After that there were a bunch more presentations from some of the makerspace leaders on campus: mostly engineering (M5, Innovation Shop, Queer Lights) but also from the library and the new entrepreneurship program.

As the presentations wound down, there were a number of occupants of the building who had only just learned that the charette was happening. They spoke up to mention their space issues and hopes that some of this space could be available for their needs.

It sounded like originally the organizers of the charette had planned for us to be sorted into particular kinds of groups as a breakout. As time was growing short, however, they just had people assort randomly, more or less, and take a few minutes to discuss. My table had a variety of interesting people: some people from art, engineering, library, and other places on and off campus. I agreed to be the "recorder" (mainly so that we weren't making a "girl" do it). These were our conclusions:

First, the process is completely backwards. We ought to be thinking about how to use the Maker movement and principles to transform pedagogy and the student experience on campus, where appropriate. And only then to think about how the financial, physical, and human resources on campus could be best deployed to support that mission. It's perhaps understandable, given that the money and space are available and that the funds can only be used on campus that people might ask the question this way. But it seemed that everyone agreed it was the wrong way to do it.

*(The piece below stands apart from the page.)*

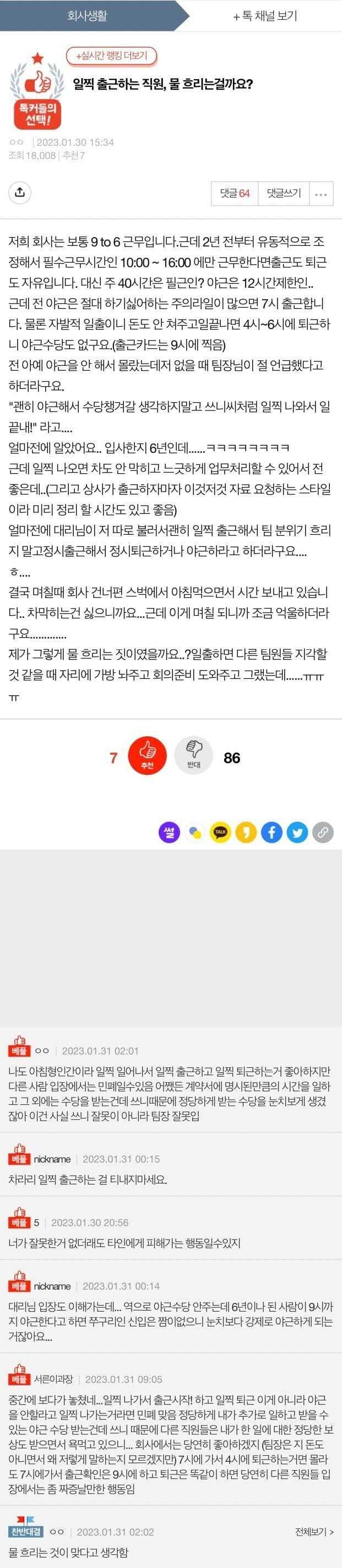 ¾ß±ÙÀº ¼ö´çÀ» Áִµ¥ Á¶±âÃâ±ÙÇØ¼­ Ãʰú±Ù¹«ÇÏ´Â °Ç ¼ö´çÀ» ¾È Áִ ȸ»çµµ ¹®Á¦°í, ±×°É ±»ÀÌ ´Ù¸¥ Á÷¿øµé¿¡°Ô ºñ±³Çذ¡¸ç ¶°µå´Â ÆÀÀåµµ ¹®Á¦°í, ºÎ´çÇÑ °É À§¿¡´Â Á¦´ë·Î ¸» ¸øÇϸ鼭 Àڱ⠱Ǹ® ì±â´Â °É °¡Áö°í ¾Æ·§»ç¶÷´õ·¯ ¹¹¶ó ÇÏ´Â ´ë¸®µµ ³­ ¹®Á¦¶ó°í »ý°¢ÇÔ
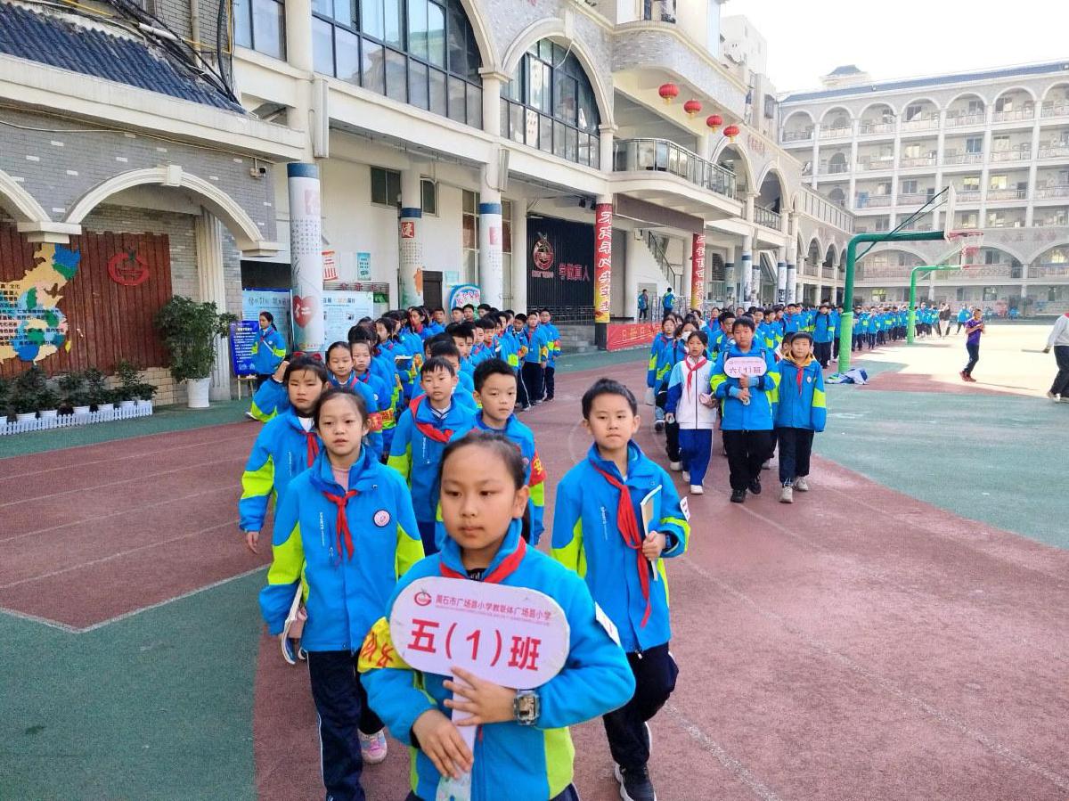 11月26日中午11時55分,伴隨著放學(xué)的鈴聲響起,黃石市廣場路小學(xué)的校園里,一場無聲的“文明演練”如期展開。三至六年級學(xué)生組成的路隊,構(gòu)成一幅秩序井然的“禮讓畫卷”。

I learned that the UTAC committee is talking about coordinating with Amherstworks to develop a Makerspace. This was news to me. But, of course, everyone is trying to build a Makerspace everywhere.

In fact there are already makerspaces all over campus and all of them need resources to make them work better. A big challenge is that what makes makerspaces work is people with the right skill set -- that bridges technology and pedagogy -- with enough time in their portfolio to support a makerspace. This is especially true if we want to make makerspaces more accessible (to have a hub that can tie together all the satellites). But the largest challenges are perhaps the institutional barriers that make it difficult to collaborate across University boundaries and divisions.

In spite of the number of makerspaces, there are still big campus gaps. There is no campus space doing anything with virtual reality, for example.

And finally, our group offered a couple of practical tips: if building makerspaces in this space, one needs to think through the adjacencies of which kind of space can coexist with others -- and which can't. And to be sensitive to issues of gender and inclusion, as some kinds of makerspaces are almost entirely male while others are mostly female.

After the groups reported out, we were thanked for our contributions and dismissed. After the meeting, I have no ability to predict what affect, if any, our comments will have on the process.